Asian Para Games: Indonesian judoka out after 'wanting to break' rule by wearing hijab
Callistasia Anggun Wijaya
The Jakarta Post
Indonesia’s ambition to collect as many medals as it can has been ironically tainted by the failure of several para athletes to compete, because of the national team’s lack of understanding of rules and regulations. The National Paralympics Committee (NPC) and the Indonesian Asian Para Games Organizing Committee (INAPGOC) have admitted such recklessness.
On Monday, visually impaired Indonesian judoka Miftahul Jannah was disqualified from the competition after she refused to take off her hijab, since head coverings may not be worn during competitions, according to International Judo Federation (IJF) regulations.
While other martial arts, such as karate and taekwondo, allow Muslim female athletes to wear a special hijab during a competition, judo does not. IJF Refereeing Rules Article 4 Number 4 says that the head of the judoka shall not be covered, except for bandaging of a medical nature.
Miftahul’s coach, Ahmad Bahar, said he had been aware of the regulation and therefore had lobbied the Games organizer to let Miftahul wear her hijab, but to no avail. The organizer, represented by the International Blind Sports Federation (IBSA), refused to grant the request, referring to the prevailing IJF rules.
“We have tried our best to accommodate Miftah’s principle [to wear a hijab while competing], but we have to respect IJF rules,” Ahmad told a press conference on Tuesday.
He said he hoped in the future the IJF could adjust its rules by letting Muslim female athletes wear special hijab, for instance ones made of rubber. The hijab would still cover the athletes’ hair but not their necks, Ahmad said.
However, Ahmad was tight-lipped when asked further about his efforts to negotiate the rules or look for alternatives to the hijab during the period of preparation for the Games.
Meanwhile, Miftahul said she knew about the IJF rule but had insisted on wearing her hijab while fighting.

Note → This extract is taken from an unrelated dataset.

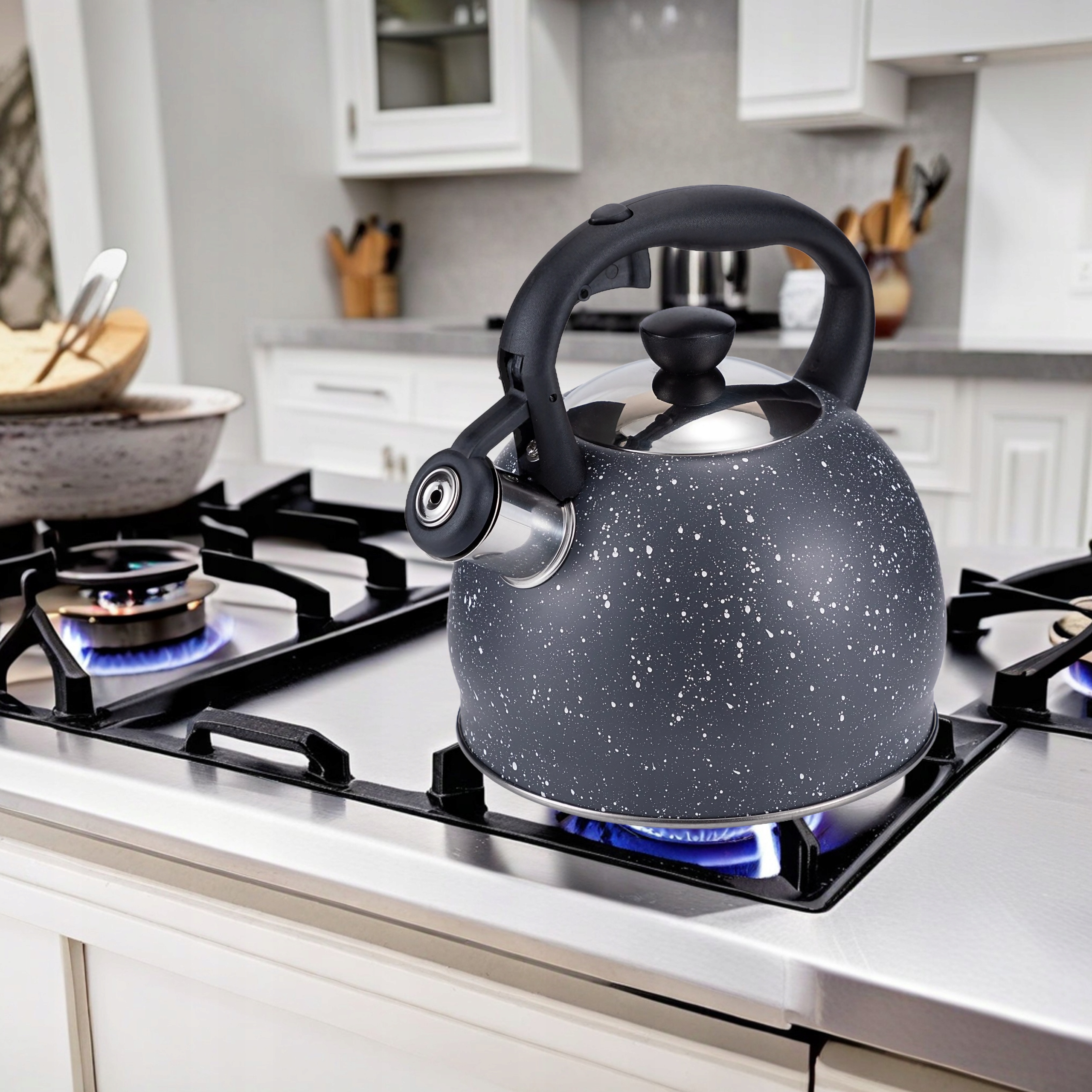 Szary Czajnik na Gaz i Indukcję 2L z Gwizdkiem – Stal Nierdzewna Elitehoff
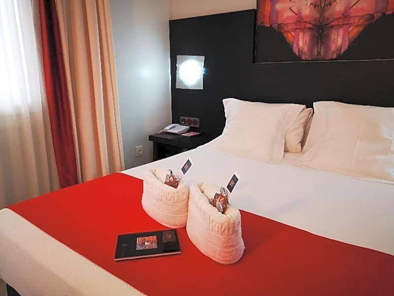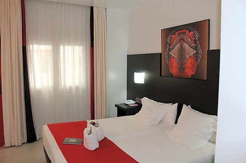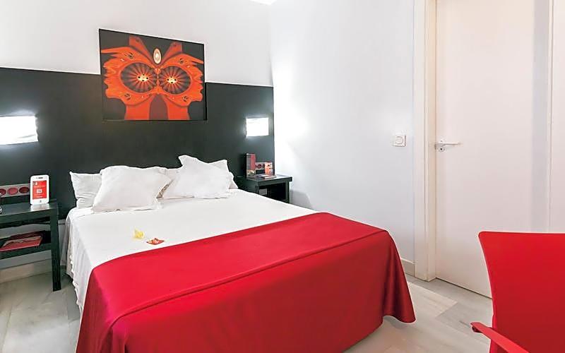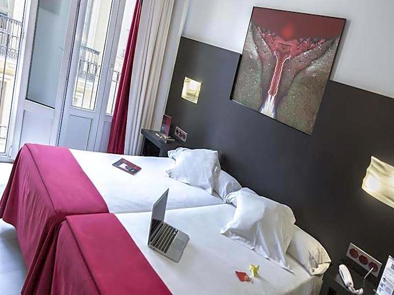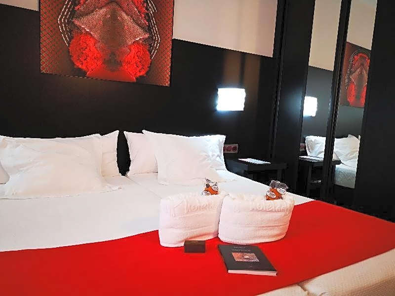 The hotel prides itself on its unique decor, with each room being individually designed by Malaga poet and painter Pepe Bornoy. The rooms are air-conditioned and adorned with contemporary artwork in red and black tones. They offer modern amenities such as free Wi-Fi, soundproofing, a work desk, satellite TV, and a private bathroom equipped with a hairdryer.

“I want to break that [rule]. I want to challenge the rule, because I want to stick to my principle,” she said.
When asked about her future career, Miftahul said she would not stop being an athlete who fights for her country, so she would switch to chess, a game she has excelled at since she was a child.
Miftahul said she decided to commit to the change because she refused to compete as a judoka without a hijab.
Youth and Sports Minister Imam Nahrawi said he appreciated Miftahul’s motive. He said the ministry would follow up the case and suggest that the judo federation relax the rules to let Muslim women wear a hijab that is safe to be worn during the competition.
Imam added the ministry would assess the incident to prevent something similar from happening in the future.
“Next time, before competing, we have to know about the detailed results of technical meetings and the rules so that we won’t disappoint the athletes and people who want to see them competing,” Imam said.
That was the second incident in which a judoka was banned because of wearing a head cover, after the 2012 London Summer Olympics, Imam said.
During the Olympics, judoka Wojdan Shaherkani from Saudi Arabia was banned from wearing a head scarf during the competition, much to her dismay.
After a negotiation conducted by her father and the committee, she was allowed to compete wearing a tight-fitting, cap-style covering.
Commenting on this, NPC chief Senny Marbun noted that the ban should not be viewed as an act of discrimination, as any type of head cover was prohibited because of safety concerns.
Some judo maneuvers might choke an athlete wearing a head cover, in this case, a hijab, he said. The risk could be twice as high in this case, since the athletes competing in the Para Games had visual impairments, he said.
In another disappointment on Monday, the Indonesian men’s para swimming team failed to compete in the 4x100 relay because the manager had forgotten to register the team before the game.
Team coach Handoko Purnomo admitted the mistake, adding that INAPGOC had set strict rules about the registration process.
The error happened because the team had focused on registering two swimmers that had yet to be included on the list of athletes to compete that day.
“We faced [such] problems registering those two swimmers that we were late to register the relay team […]; we forget to register them, as we were occupied with that problem,” Handoko said on Monday.
INAPGOC promised a thorough evaluation of all sports to prevent similar incidents in the future.